McFarlane’s piece was satirical. We’re not so sure about the Hitchens piece. We are certain, however, that the controversy from both pieces will be dwarfed by that of McFarlane’s movie.

We admire Patrick Milligan, the motivator at CringeHumor.com. And we agree with him far more often than we disagree.

He’s expanding his site’s influence with the above mentioned W5 project and with other video ventures.

He also interviews comics and uploads them under the title of Cringe Humor Comics To Watch (CHCTW). He did one recently with Vos.

It’s an interview that lasts only 10:30. Milligan describes it thusly: “This edition of CHCTW asks Vos what’s in store for his future, and quickly turns into one of the most depressing episodes yet.”

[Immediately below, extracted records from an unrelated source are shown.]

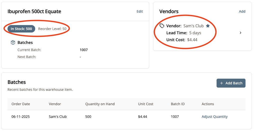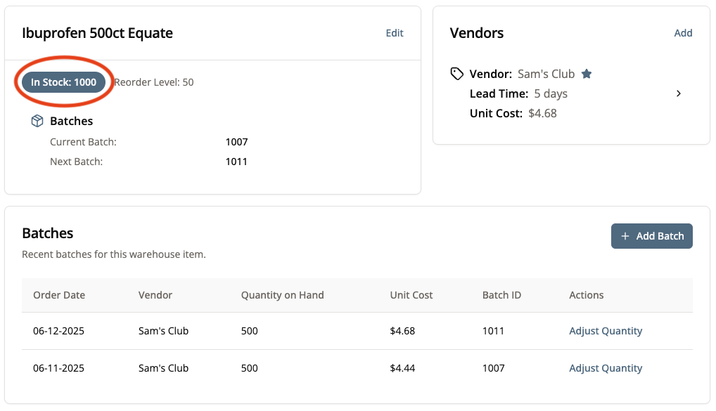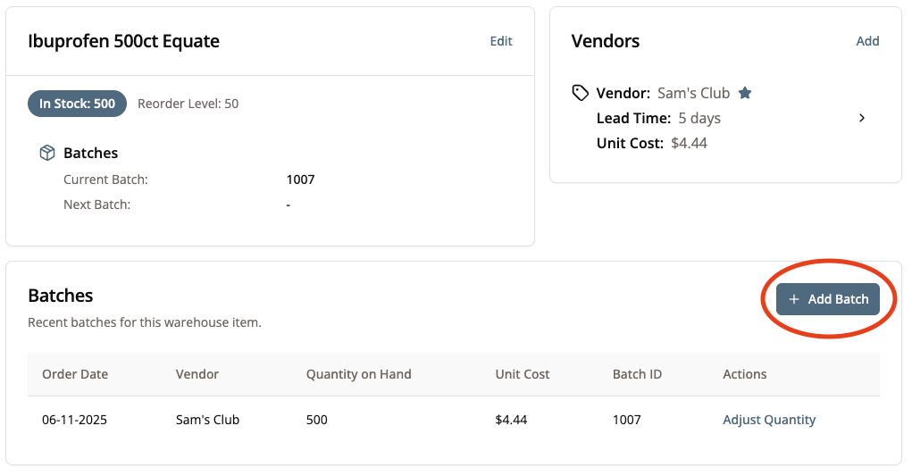 In this guide, we will go over how to add inventory in the Warehouse using batches. This should be your standard way to input inventory.
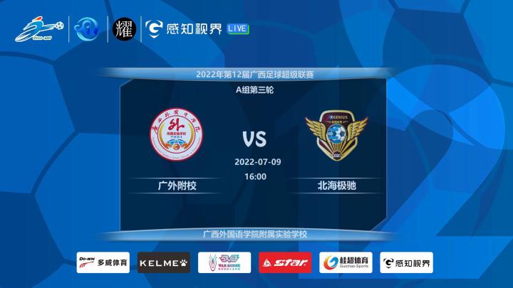7月9日下午,2022第12届广西足球超级联赛(桂超联赛)第三轮开赛。7月9日16时,广西外国语学院附属实验学校足球场,桂超第三轮,广西外国语学院附属实验学校主场对阵北海极驰。两支队近况颇佳,北海极驰联盟杯首轮击败柳州远道,广外附校则刚刚夺得南宁市千里杯男子甲组的冠军。
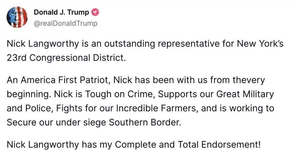 Antes de llegar a la Cámara de Representantes en enero de 2023, Langworthy fue presidente del Partido Republicano del estado de Nueva York. Asumió ese cargo en 2019, tras años al frente del comité republicano del condado de Erie. Su trayectoria como organizador partidista le dio acceso directo al liderato republicano y a redes de influencia dentro de la estructura del partido. Ese trasfondo ha sido parte de lo que le ganó el endoso contundente de Trump y que además le ha permitido incidir en asuntos que van más allá de los límites de su distrito.
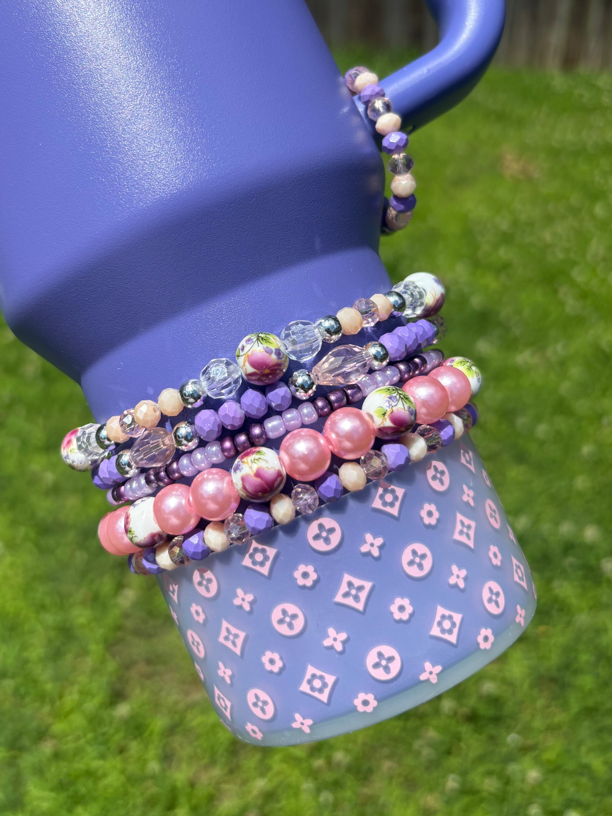 *Bottom bracelets comes with a stack of 5 bracelets. Fits 24oz Owala, 30 & 40oz Stanely’s & 32 oz Hydrojug. Message me OR leave a note at checkout for other for any other sizing needs such as “42oz HJ”.
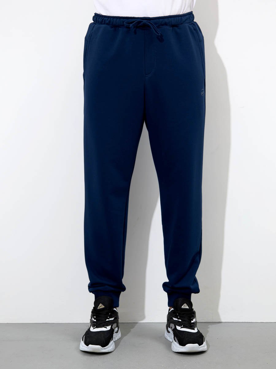 Трикотажные мужские брюки из хлопка с добавлением полиэстера, мягкие и приятные на ощупь, не сковывают движения, обеспечивая максимальный комфорт. На передних половинках вместительные карманы. По низу брюки собраны мягкой трикотажной резинкой. Пояс на резинке. Дополнительно в поясе имеется шнур.
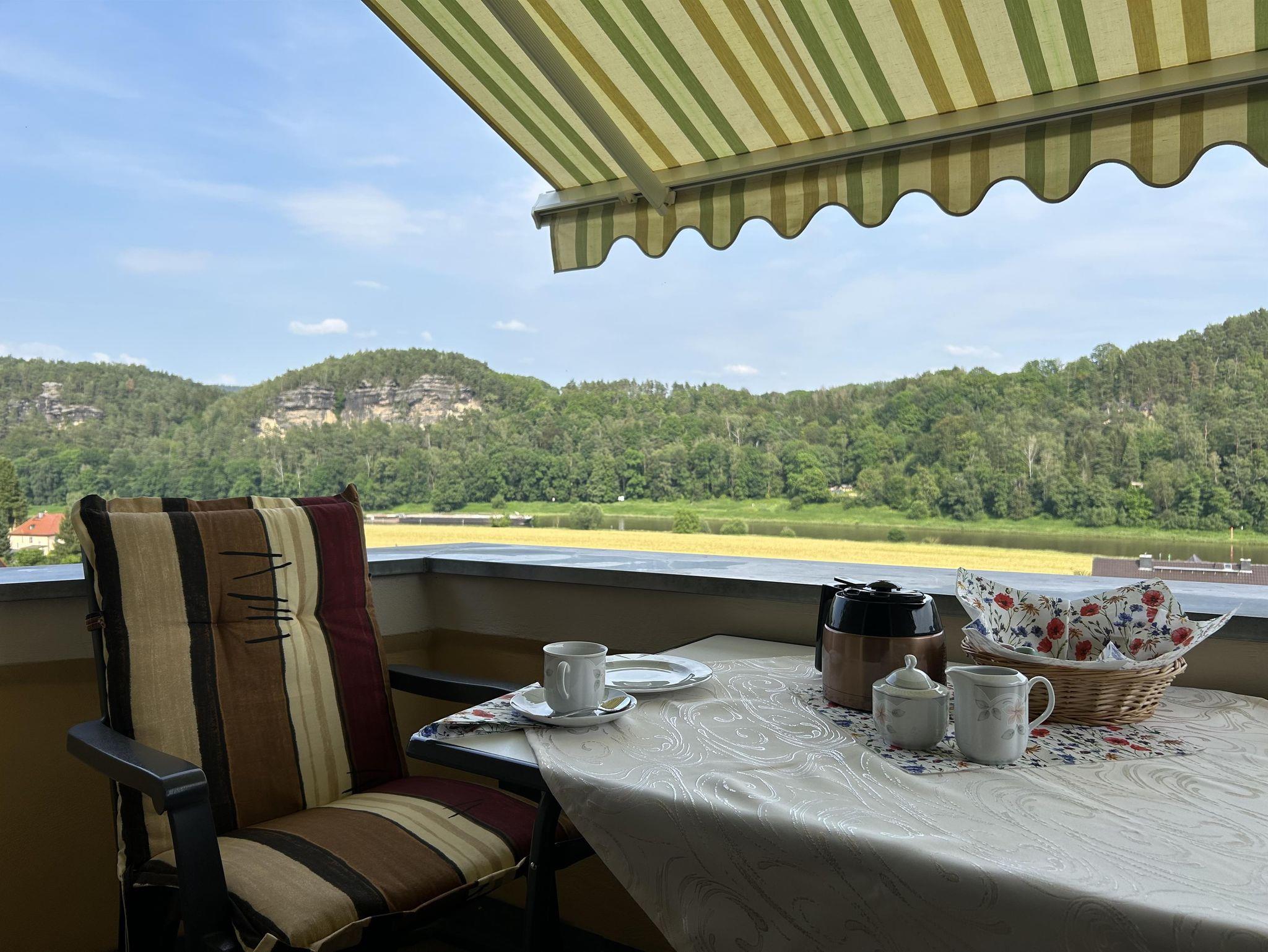 Der Balkon mit Gartenmöbel bietet einen wunderbaren Ausblick auf die Elbe und den Lilienstein.
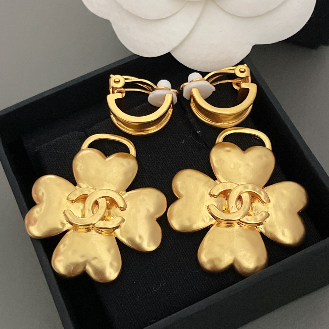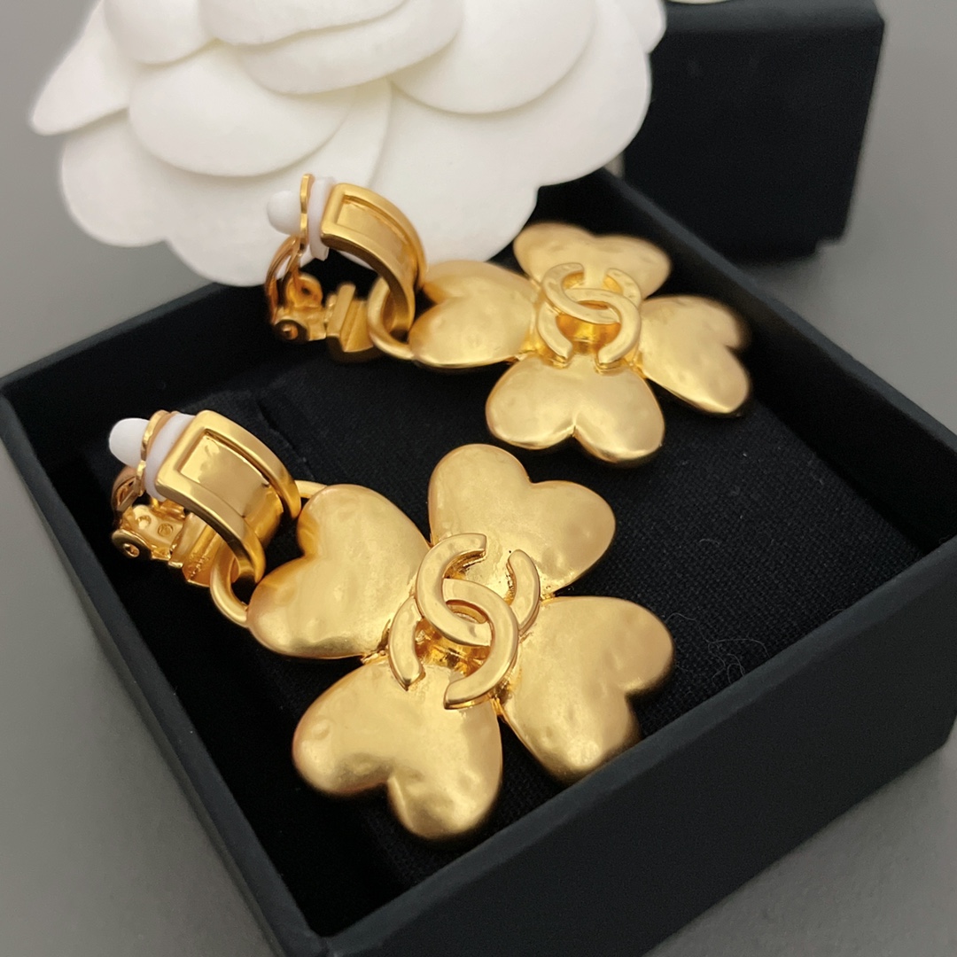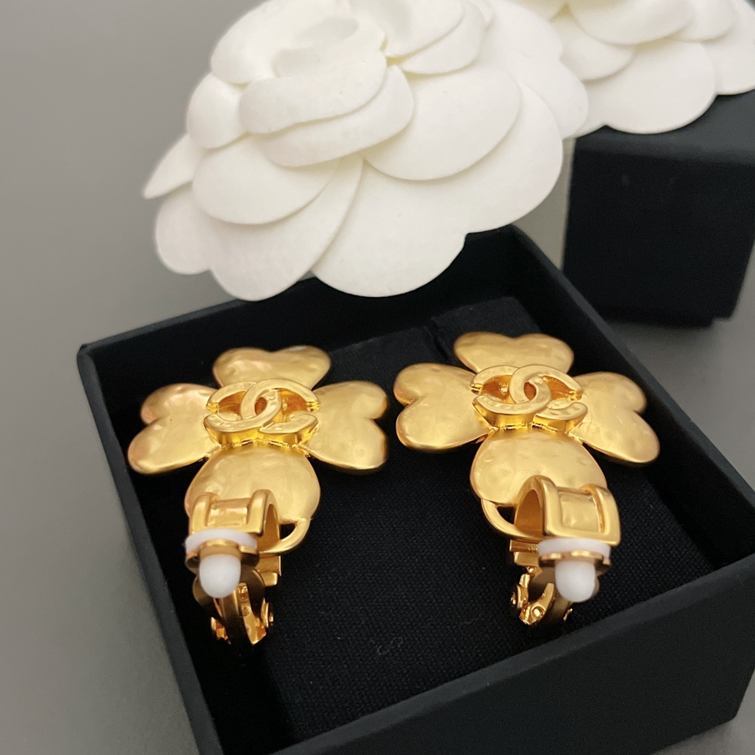 Chanel NIGO gold-plated Four-leaf clover ear clip Accessories #nigo82749

Oh? Vos is his usual wiseass self, but he is also introspective (perhaps surprisingly to folks who don’t know him). We think it’s a thoughtful interview that offers not just insight into Vos but into almost any veteran comic.

Depressing? Perhaps the only depressing part of the interview is tired cliché that is trotted out at the end of the interview.

At the 9:15 mark or so, Vos gets at one of the fundamental truths about standup:

Vos: It’s so hard to be content as a comic. When is a comic content? When?…When is anybody content doing this? I would think that in other businesses people are content. I don’t know. An artist? I don’t think an artist is ever content.”

It’s a startling moment. But then the interviewer chimes in with:

“It seems like anybody in the entertainment business never retires; they just keep craving that attention.”

Attention? Did he not hear Vos? The discussion is not about narcissism or megalomania or attention– it’s about art. And knowing when to be satisfied with one’s art. Or maybe wondering if one should even be content with one’s art. (Or, to extrapolate: Whether or not this constant discontent is what separates an artist from a hack.)

Vos has just displayed some vulnerability and introspection and the conclusion is that people in the entertainment business (and, we assume, Vos) can’t stop doing what they do because they crave attention. WTF?

Milligan carefully curates a site about “honest” comedians who speak “truth.” But he has one in his midst who gives about as honest an interview as we’ve seen in some time and we’re told it’s “depressing” and that we’re all attention whores.

We don’t normally comment on other blogs, but we were struck by the dissonance.

If a guy like Milligan– who respects comics and spends a lot of time trying to understand them– clings so tenaciously (or automatically, or reflexively) to such simplistic truisms, what hope do comedians have that we’ll ever be understood?

He’s right: It is a depressing interview. But for far different reasons than he cites.